Data records:
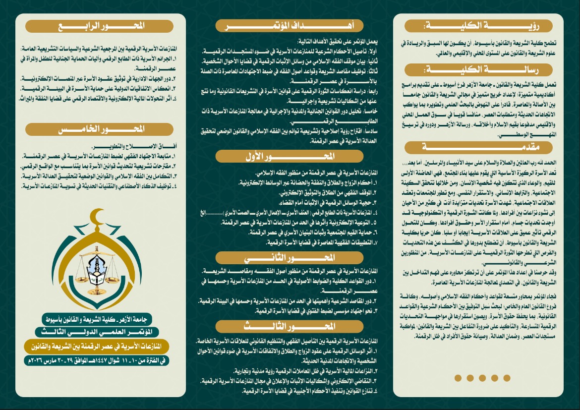 «النزاعات الأسرية في عصر الرقمنة بين الشريعة والقانون»، وذلك خلال الفترة من 10 إلى 11 شوال 1447هـ الموافق 29 – 30 مارس 2026م.
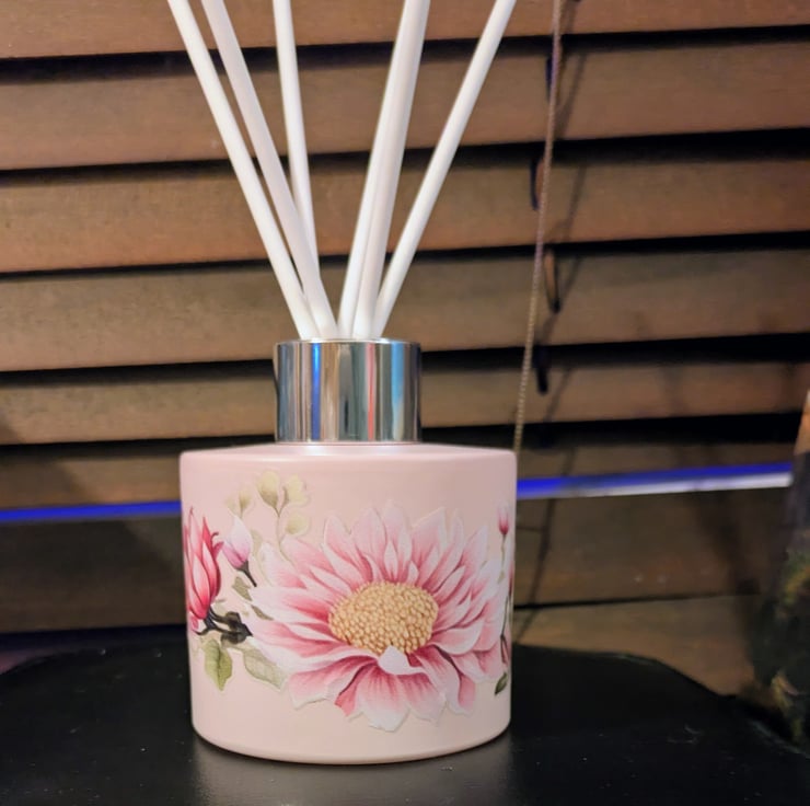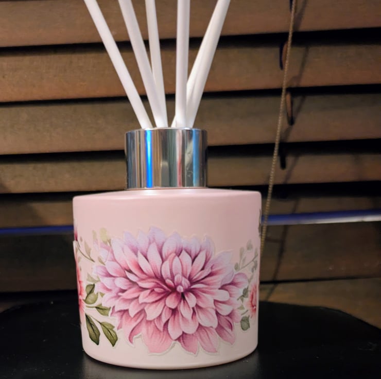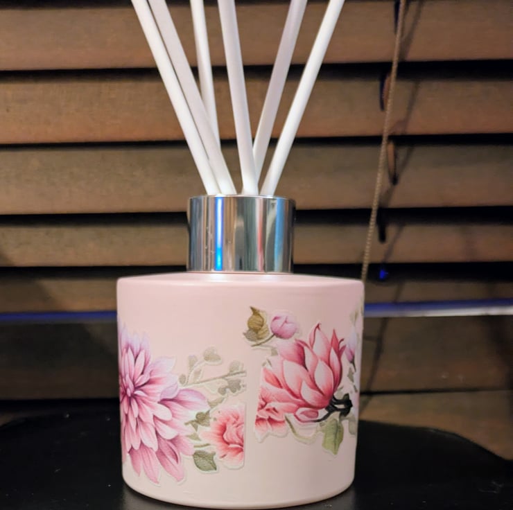 Pink floral themed glass 150 ml diffuser bottle with reeds sticks
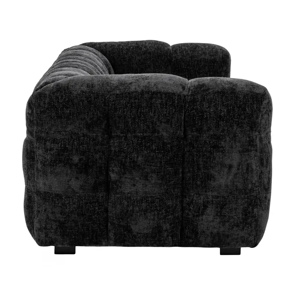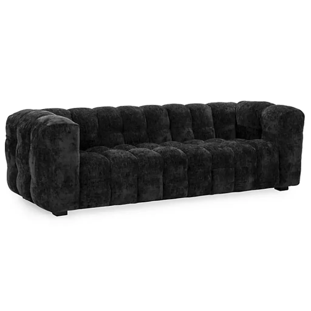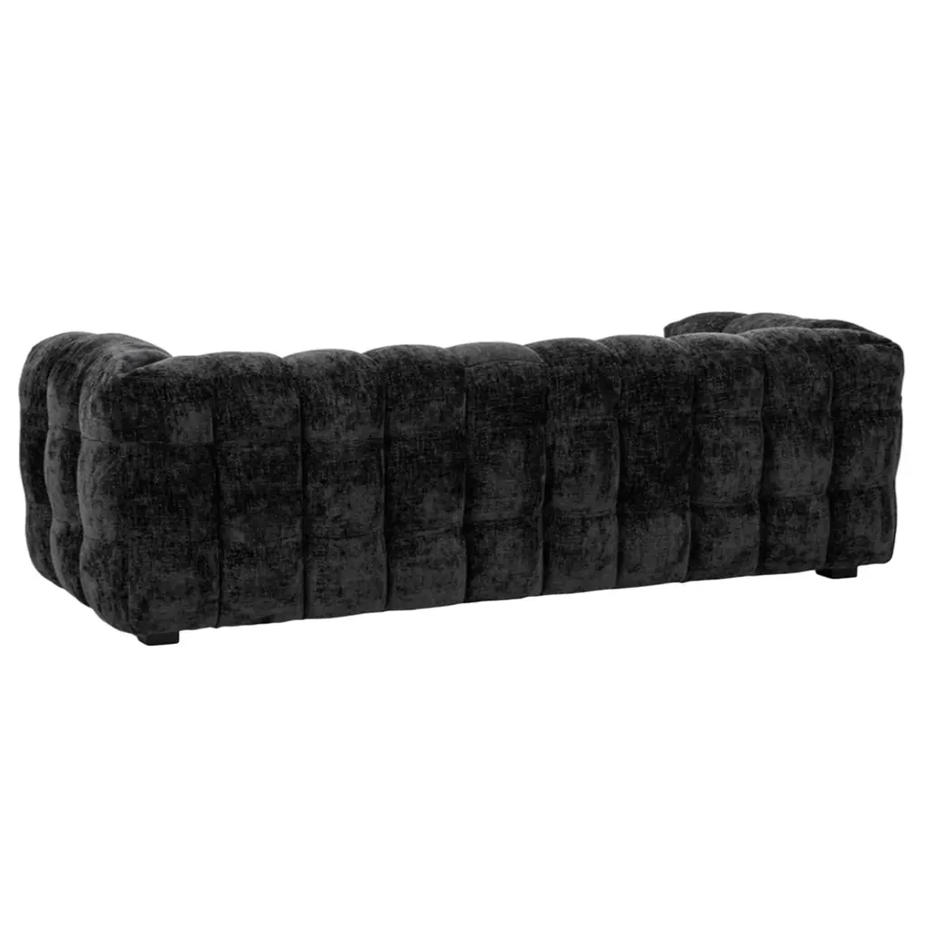Handsome onyx black chenille upholstered sofa with plush square quilt tufting detail. Attractive modern piece wonderful for many interior spaces.
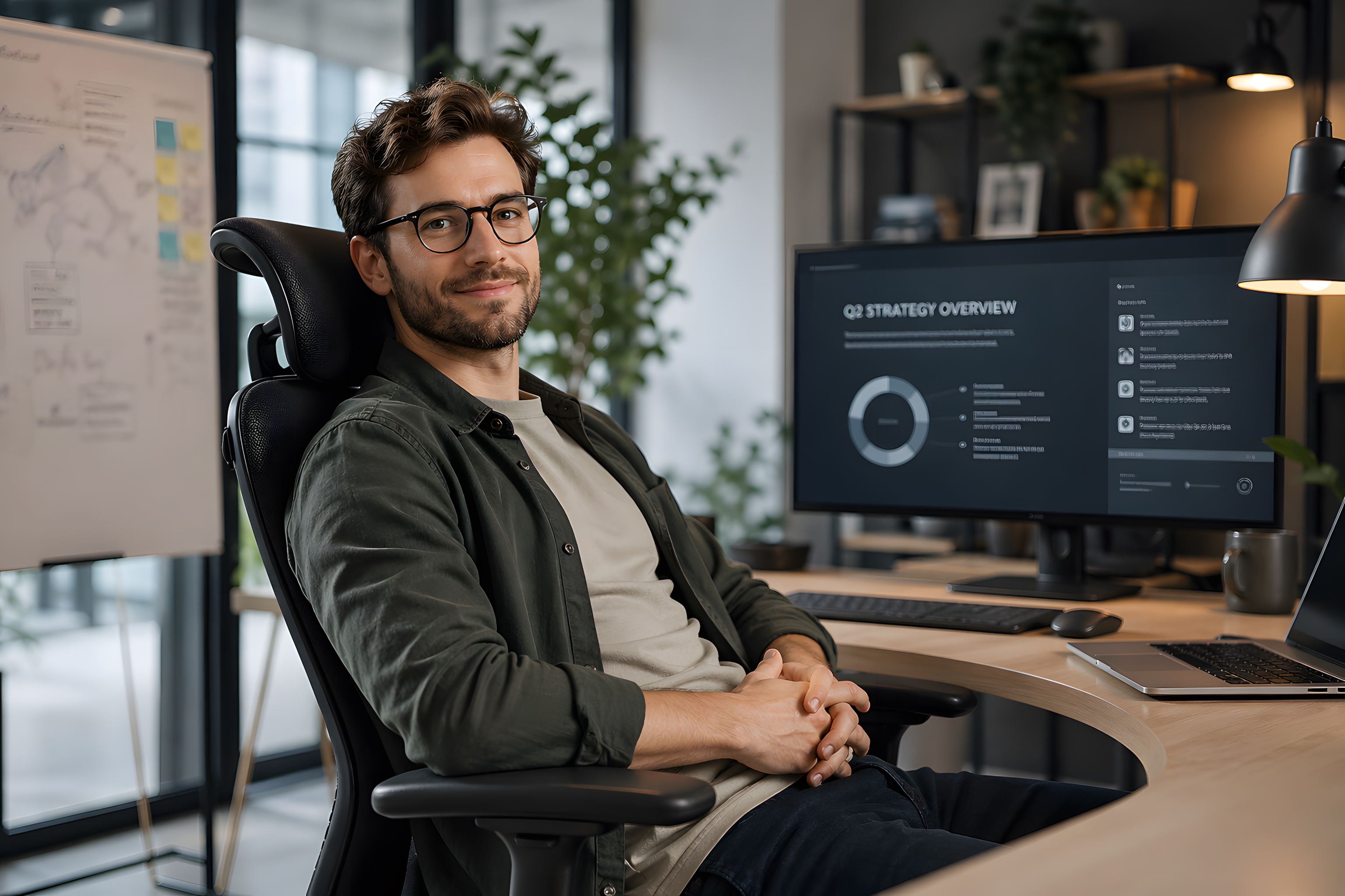 Im Hintergrund ist ein großer Monitor sichtbar, auf dem eine Strategie-Präsentation mit dem Titel «Q2 Strategy Overview» zu sehen ist, ergänzt durch Diagramme und strukturierte Inhalte. Links im Bild hängt ein Whiteboard mit handgeschriebenen Notizen und bunten Haftnotizen. Ein Laptop, eine Tastatur sowie eine Schreibtischlampe vervollständigen den modernen Arbeitsplatz. Grüne Zimmerpflanzen und warmes Licht sorgen für eine angenehme, kreative Atmosphäre.
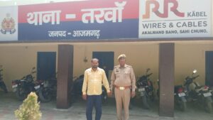 आज गुरुवार को उ0नि0 शिवम द्विवेदी मय हमराह द्वारा मुकदमा उपरोक्त से सम्बन्धित अभियुक्त विनोद कुमार यादव पुत्र सत्यनरायन यादव निवासी ग्राम उचहुंआ कोदोपुर थाना तरवां जनपद आजमगढ़ उम्र करीब 31वर्ष को उसके घर कोदोपुर उचहुआ से समय करीब 09.50बजे गिरफ्तार किया गया ।
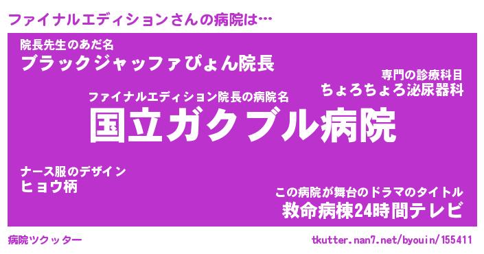| 女子向けラノベタイトル風あだ名 | 『(仮)ファイナルエディションのやんごとなき事情』 |
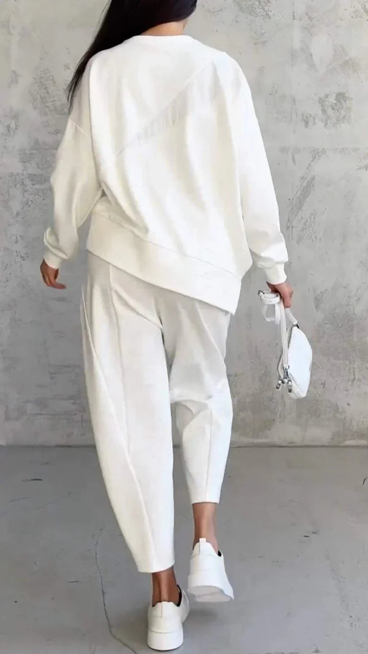 Babs | Zweiteiliges Set mit Rundhalsausschnitt und langen Ärmeln: Stilvolles und bequemes Set, bestehend aus einem Oberteil mit Rundhalsausschnitt und langen Ärmeln. Ideal für einen lässigen, aber modischen Look, perfekt für den Alltag.
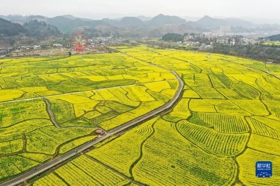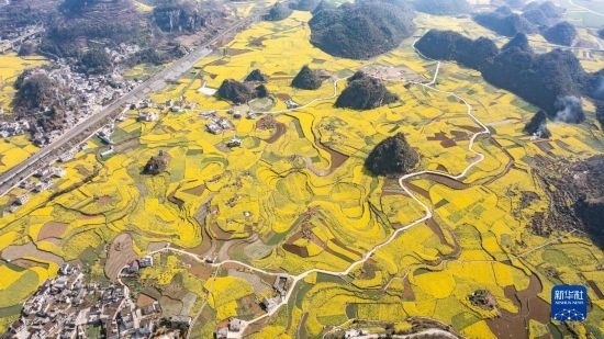貴州省六盤水市六枝特區(qū)木崗鎮(zhèn)抵簸村的油菜花田(3月9日攝,無人機(jī)照片)。
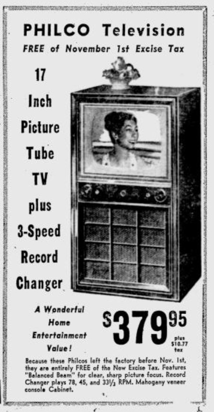 If you were thinking of being an early adopter and getting a television 75 years ago, it might behoove you to act fast, since Congress had just enacted a 10% excise tax.  But if you acted fast, you could get one without the tax, as reminded by this ad in the November 18, 1950, issue of the Pittsburgh Post-Gazette from the Hahn Furniture store.
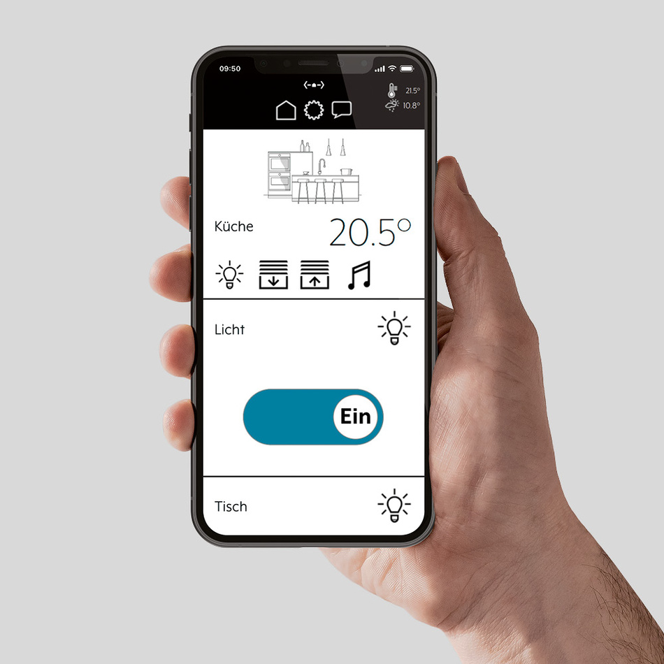 - Fernzugriff (SP8-Remote): Mit dem Fernzugriff können die Nutzerinnen und Nutzer ihre Heizung, Beleuchtung und Beschattung über KNX jederzeit auch von unterwegs individuell steuern. Der Zugriff erfolgt sicher über die Cloud.

--- Problem details ---
Restate the lines above from the one containing "Pink floral themed" through the one containing "Handsome onyx black", inclusive, exactly and without pictures.

--- Task answer ---
 Pink floral themed glass 150 ml diffuser bottle with reeds sticks
Handsome onyx black chenille upholstered sofa with plush square quilt tufting detail. Attractive modern piece wonderful for many interior spaces.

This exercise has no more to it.